Benefits for an Employee
● Financial Rewards, linked with individual and organizational performance.
● Long term savings and wealth creation.
● Improved awareness about the corporate plans of the organization.
● Enhanced job satisfaction.
● ESOPs are often linked with employee engagement and involvement and this presents the opportunity to influence decisions about products and processes.
- An increased sense of 'ownership' and association with the enterprise.
- Return on ESOPs can even be higher than a person's annual salary
Applicability of ESOPs on Various Types of Companies
ESOPs were introduced and adopted by the Indian IT companies in the early 90s as an incentive plan for the senior management.
However, the concept has now been successfully floated in various industries such as banks, pharmaceuticals, finance and many others. Considering the increased recognition and upward trend, lawmakers also acknowledged the concept and accordingly chalked out specific governing provisions under various laws.
The regulatory framework in India does not restrict any type of company to roll out Equity Incentive Plans / ESOPs for the benefit of its Employees. Though the legal coverage varies from one company to the other, apart from proprietorships, LLPs and partnership firms, no other entity is prohibited from facilitating the same barring those that are listed.

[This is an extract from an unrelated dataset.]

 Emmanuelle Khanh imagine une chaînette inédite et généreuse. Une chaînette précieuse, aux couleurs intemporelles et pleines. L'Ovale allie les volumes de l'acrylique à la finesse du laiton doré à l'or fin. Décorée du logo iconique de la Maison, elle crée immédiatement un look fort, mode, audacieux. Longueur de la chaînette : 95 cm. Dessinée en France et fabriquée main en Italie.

The Securities and Exchange Board of India (SEBI), has put in a place a separate set of regulations named as Share Based Employee Benefit Regulations, 2014. Any kind of Equity Incentive Plan chalked out by a listed entity must be aligned to the provisions of the said regulations. For non-listed companies, lawmakers have chalked out governing provisions under the Companies Act, 2013 and Rules thereunder, thereby smoothening the path for the corporates to rethink and frame such incentive plans to reward their staff for their performance and loyalty.

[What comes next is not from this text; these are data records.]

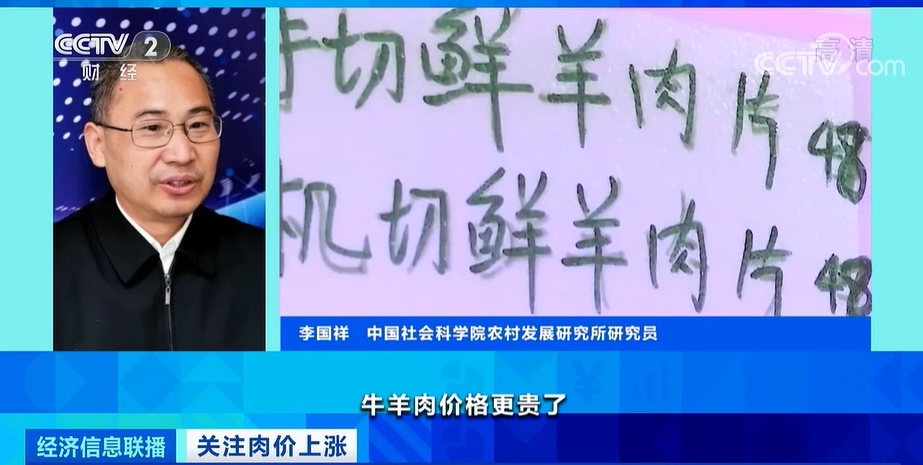 中国社会科学院农村发展研究所研究员李国祥:猪肉价格上涨之后,牛羊肉价格更贵了,牛羊肉热量含量高,更适合御寒,所以在更替的时候牛羊肉消费更加旺。
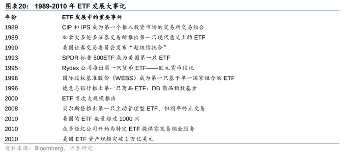 可以看到,ETF的推出一方面缓解了交易所的财务困境,另一方面降低了投资者的成本,同时给基金公司带来了新的商机。在多方共赢的局面下,美国ETF产品类型逐渐丰富,生态圈日益完善,我们将1989-2010年期间ETF发展的重要节点事件梳理如下:
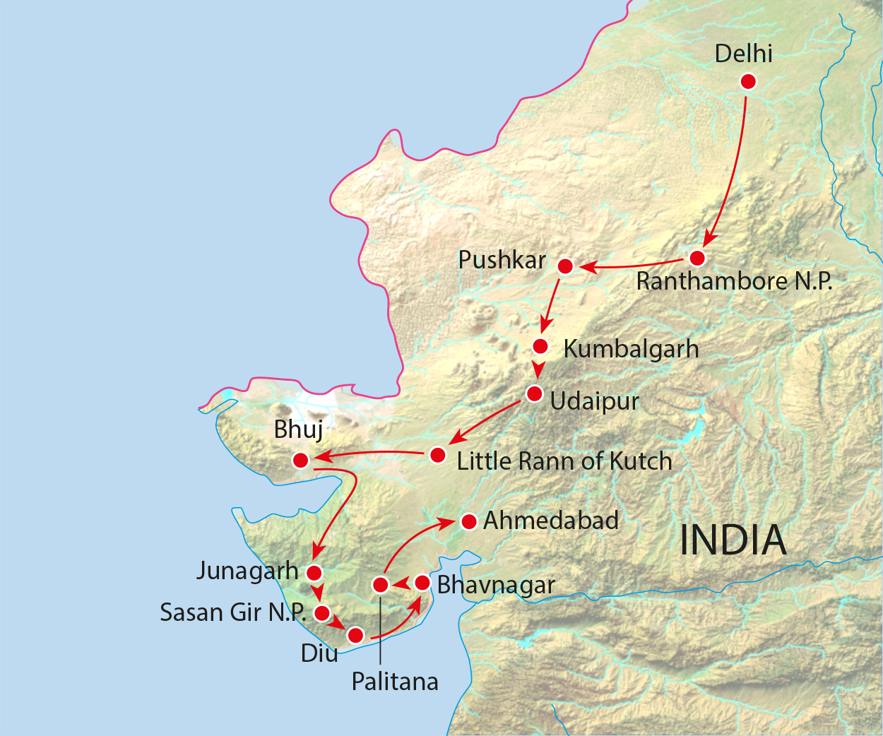 Wie toeristisch ongerept India wil zien, kan zijn hart ophalen in Gujarat en Rajasthan. De deelstaten staan bekend om hun traditionele, kleurrijk geklede bevolking. Woestijn, jungle, berggebied en zee maken de regio zeer afwisselend. Je gaat op zoek naar wilde leeuwen én tijgers en bezoekt heilige bergen vol tempels, stammen en middeleeuwse steden. Ook de metropolen Delhi en Ahmedabad komen aan bod. Kortom, een rondreis voor de échte India liefhebber!
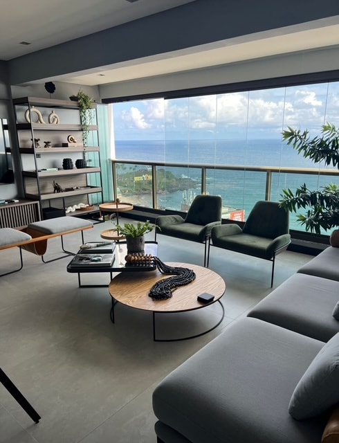 Unsere Wohnung ist durchdacht gestaltet, um den Gästen einen warmen, einladenden und unverwechselbaren Aufenthalt zu bieten. Es bietet einen voll ausgestatteten Raum mit freiem Meerblick und direktem Zugang zum Strand. Das Gebäude verfügt über einen Pool mit Meerblick, einen Fitnessraum und eine gemeinsame Arbeitslounge. Es liegt am Meer mit privatem Zugang zum Pedra Alta Beach bei Ebbe, nur wenige Gehminuten von berühmten Sehenswürdigkeiten wie dem Leuchtturm von Barra, Shopping Barra, Porto da Barra Beach und seinen lebhaften Bars und Restaurants entfernt.

Further, it is quite interesting to see that the ESOPs trend is on a constant increase in startup ventures. It is a strategy being adapted to attract and retain talent in a competitive market. A startup cannot afford to pay an industry standard salary, and therefore the trend of offering equity stake to people pivotal positions in the company is increasing.

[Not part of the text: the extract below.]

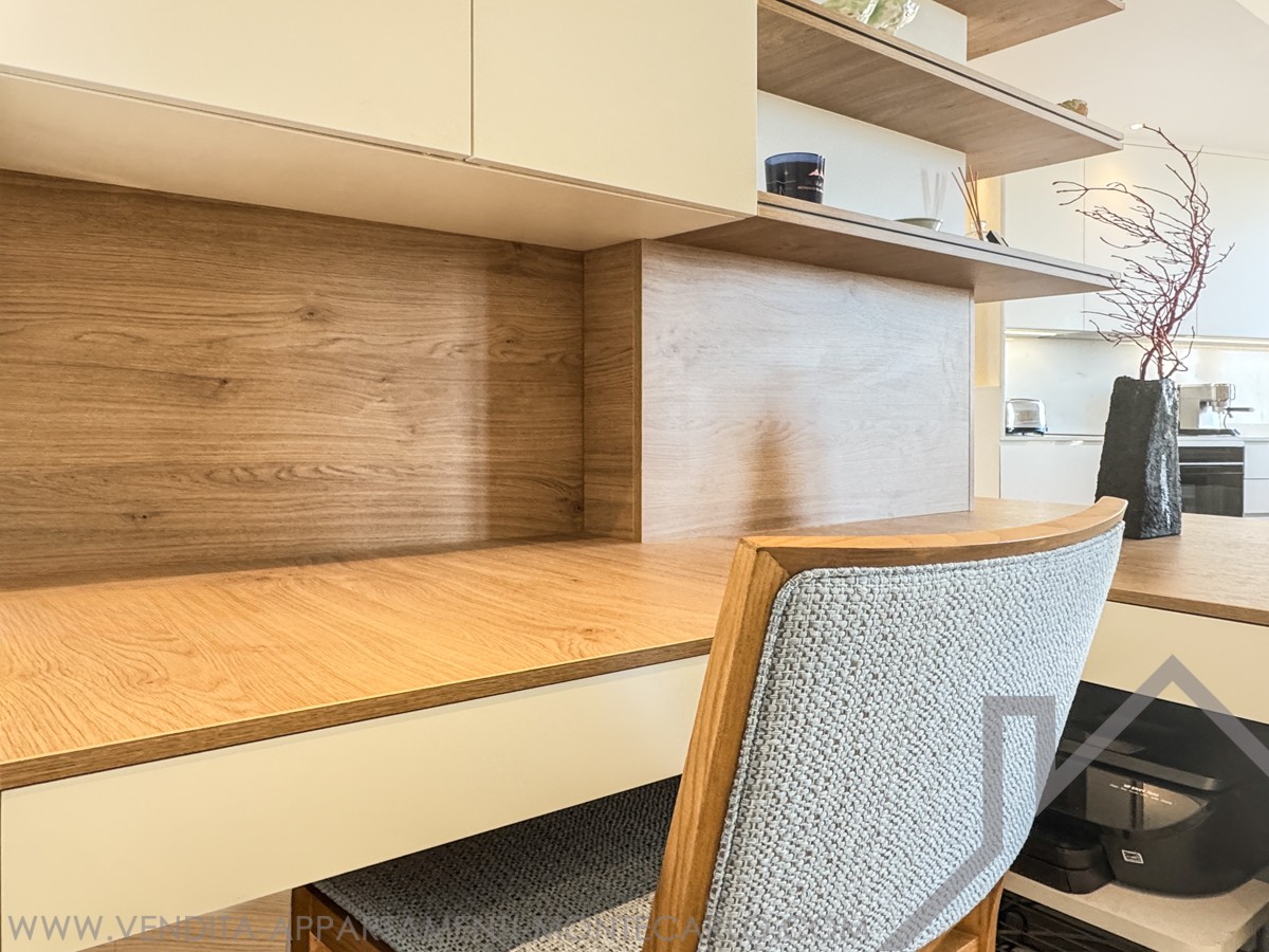 La surface habitable comprend une entrée accueillante, un séjour lumineux avec un petit espace bureau ainsi qu’une cuisine ouverte entièrement équipée. L’appartement dispose également d’une chambre confortable avec vue sur la mer et d’une salle de douche moderne attenante. Une agréable terrasse avec une magnifique vue sur la mer complète ce bien attrayant.

Growth, development, and broadening horizons of business in India as well as overseas have awakened the entrepreneurs towards employee recognition and retention. The longterm growth potential of a business is directly proportional to the ability to maintain a balance between employee satisfaction and preservation of its assets and financial resources. Companies are extensively focusing on providing various kinds of benefits to their employees over and above the fixed salary. In such a scenario, ESOPs proves to be the metaphorical carrot, as a diligent employee reward tool, not involving cash outflow, and make them a partner in your growth.